Well, I'm a geek and a nerd and I go to the gym 5 days of the week


----------



## HollyGolightly (Aug 8, 2009)

You're a beefy geek?
:laughing:


----------



## Rouge (Sep 6, 2009)

Mikbert said:


> Well, I'm a geek and a nerd and I go to the gym 5 days of the week


Are you beating girls off with a stick yet? If not, are you free for dinner anytime soon? :laughing:


----------



## Mikbert (Jul 19, 2009)

HollyGolightly said:


> You're a beefy geek?
> :laughing:


Well, not quite yet 



Rouge said:


> Are you beating girls off with a stick yet? If not, are you free for dinner anytime soon? :laughing:



Hahaha :blushed: Well, I'd say it's the other way around with that whole stick buisness


----------



## Rouge (Sep 6, 2009)

The PhD geek I mentioned earlier in this thread goes to the gym too. Even though he'd be in dorky glasses, freebie computer software t-shirt, and trainers whenever we were out, I had a hard time keeping my hands off him. Tall, toned men with razor sharp minds are simply irresistable! Om nom nom nom nom nom.


----------



## Verdant Hollow (Aug 25, 2009)

Most academic people I know are physically fit. My non-academic friends are the lazy ones. I have a couple of friends who are very muscular and lift very often, one is a professor and the other is going for his PhD. Actually, I can't think of one nerdy out of shape friend...

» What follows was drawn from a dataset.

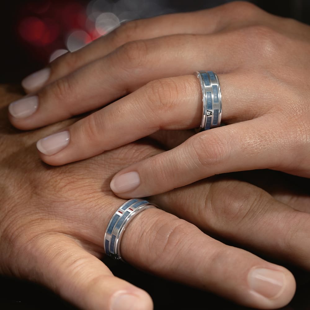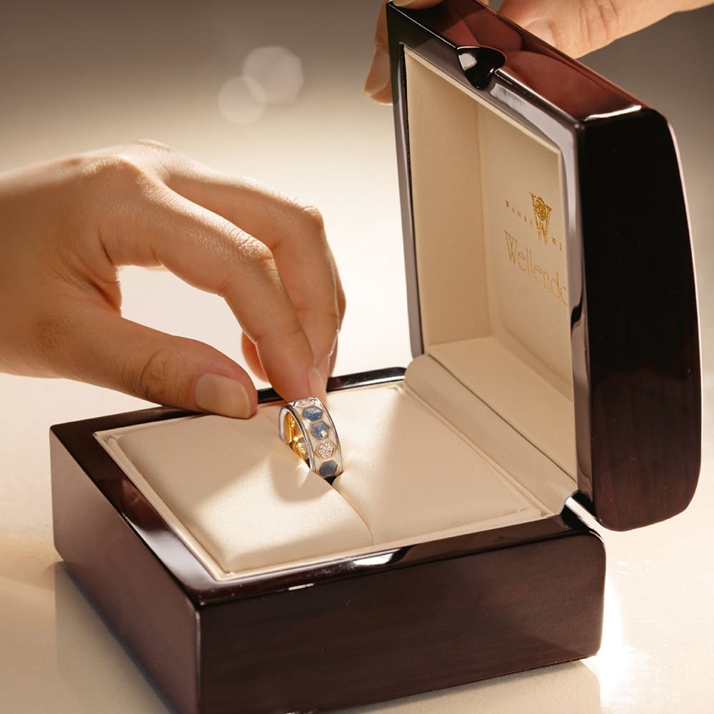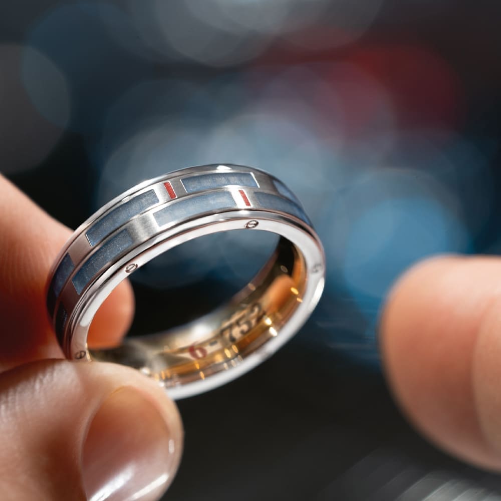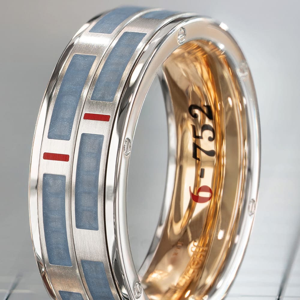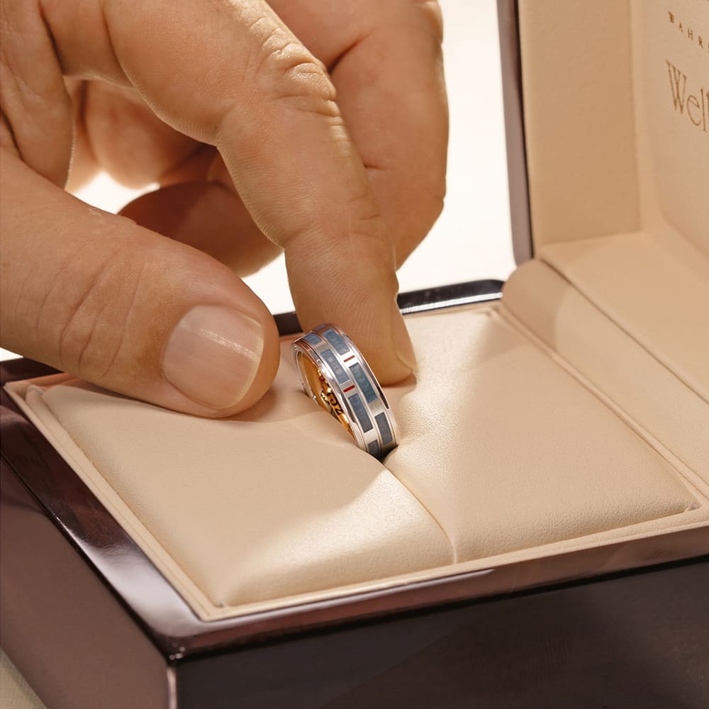 Seinen Namen trägt der Ring im Inneren: Die Zahl „752“ verweist auf die besondere Wellendorff-Überlegierung, bei der stets zwei Teile mehr Feingold verwendet werden als vorgeschrieben. Die „6“ kennzeichnet ihn als sechsten limitierten Männerring der Manufaktur. Unterschiedliche Oberflächen verleihen dem Design Tiefe: Während Innenring und äußere Elemente hochglanzpoliert sind, zeigen sich die drehbaren Ringe seidenmatt. Akzente setzen Kaltemailleflächen in Jeansblau sowie zwei feine Linien in Rot, die dem Ring eine moderne Spannung verleihen.
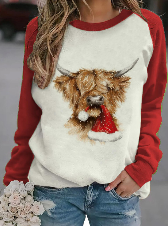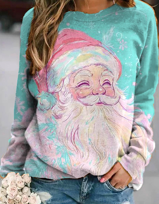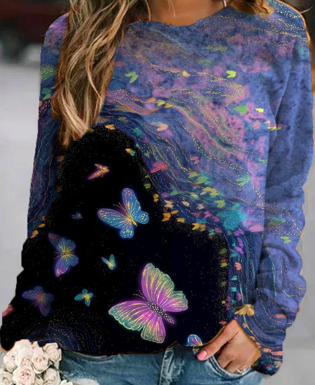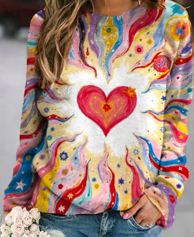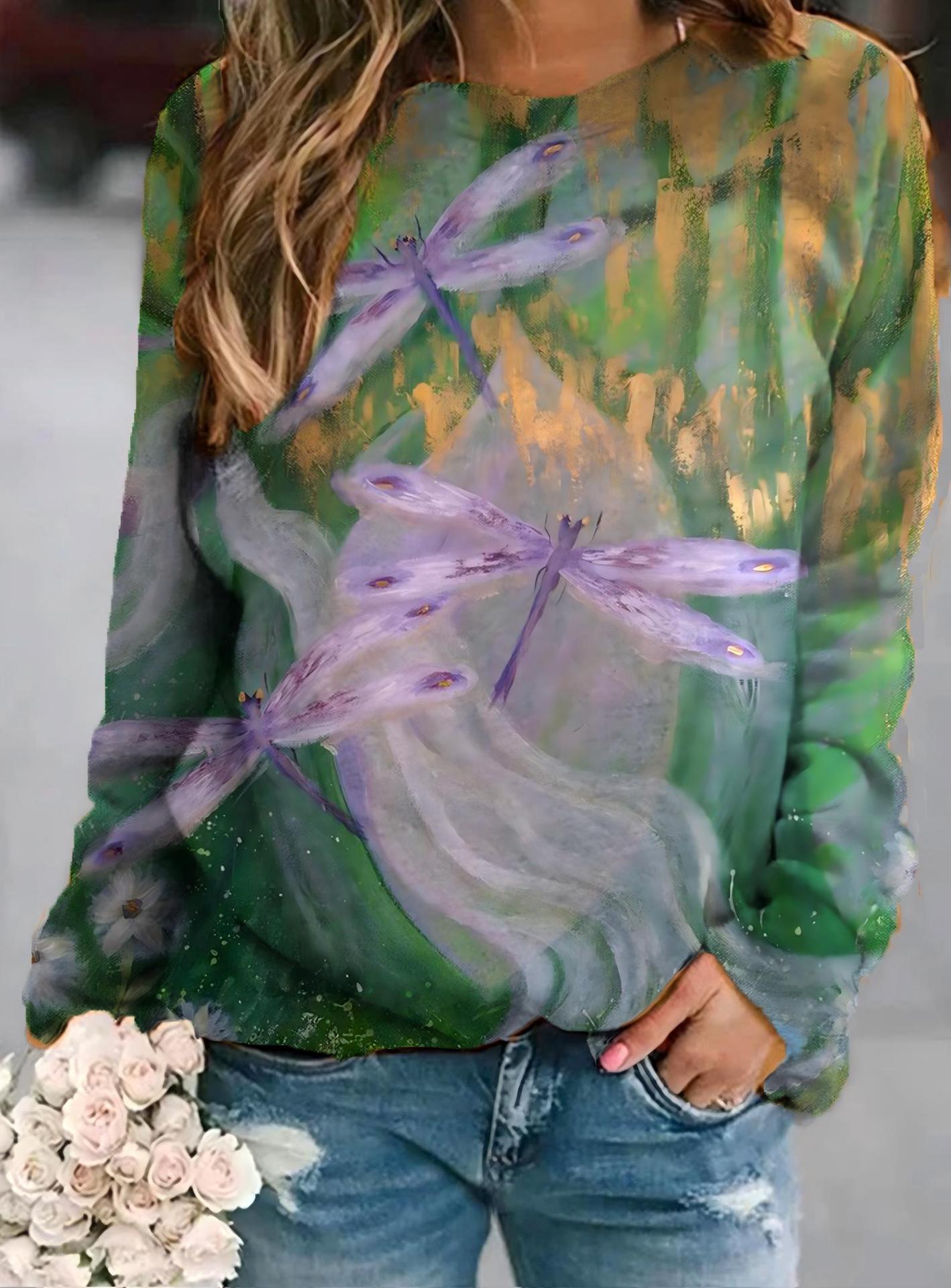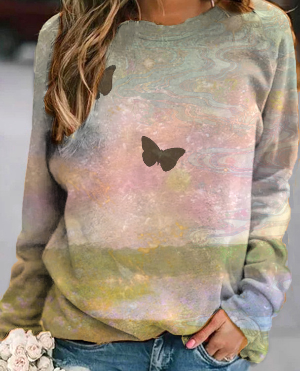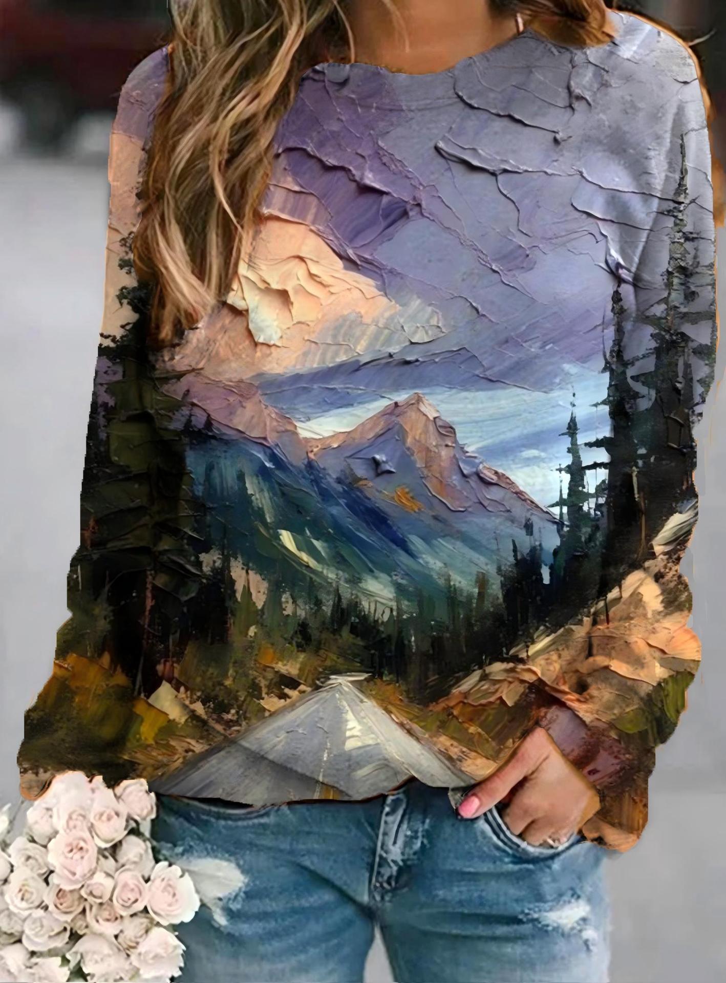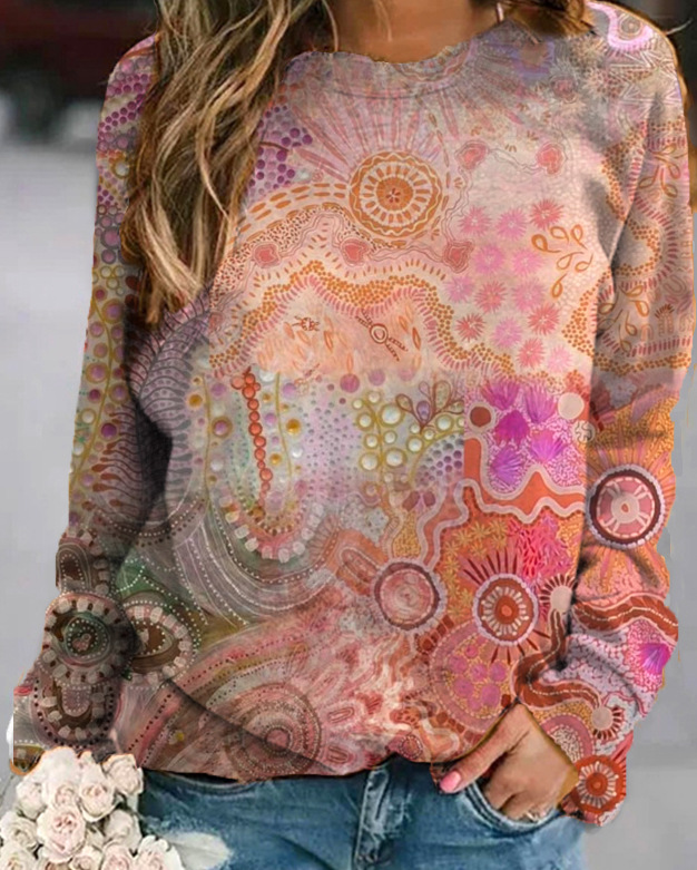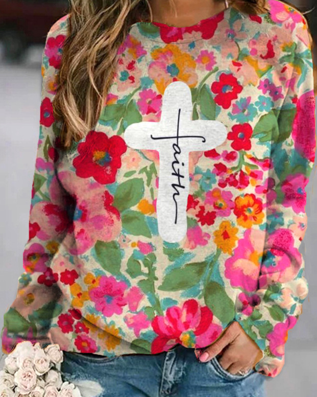2022 아마존 AliExpress WISH 국경을 넘는 유럽과 미국의 새로운 꽃 인쇄 둥근 목 긴 소매 스웨터 여성 의류

I can see the appeal of the nerd, but can one of you explain what's attractive about geeks? I mean, what's so sexy about a guy who has an unnatural obsession for and a voluminous index of knowledge on a particular form of media?


----------



## Rouge (Sep 6, 2009)

tdmg said:


> Most academic people I know are physically fit. My non-academic friends are the lazy ones. I have a couple of friends who are very muscular and lift very often, one is a professor and the other is going for his PhD. Actually, I can't think of one nerdy out of shape friend...


Which field are you in? I have other PhD friends too- one in economics and two in biotechnology. The geek I dated was the only one who worked out (his PhD is in IT).




tdmg said:


> I can see the appeal of the nerd, but can one of you explain what's attractive about geeks? I mean, what's so sexy about a guy who has an unnatural obsession for and a voluminous index of knowledge on a particular form of media?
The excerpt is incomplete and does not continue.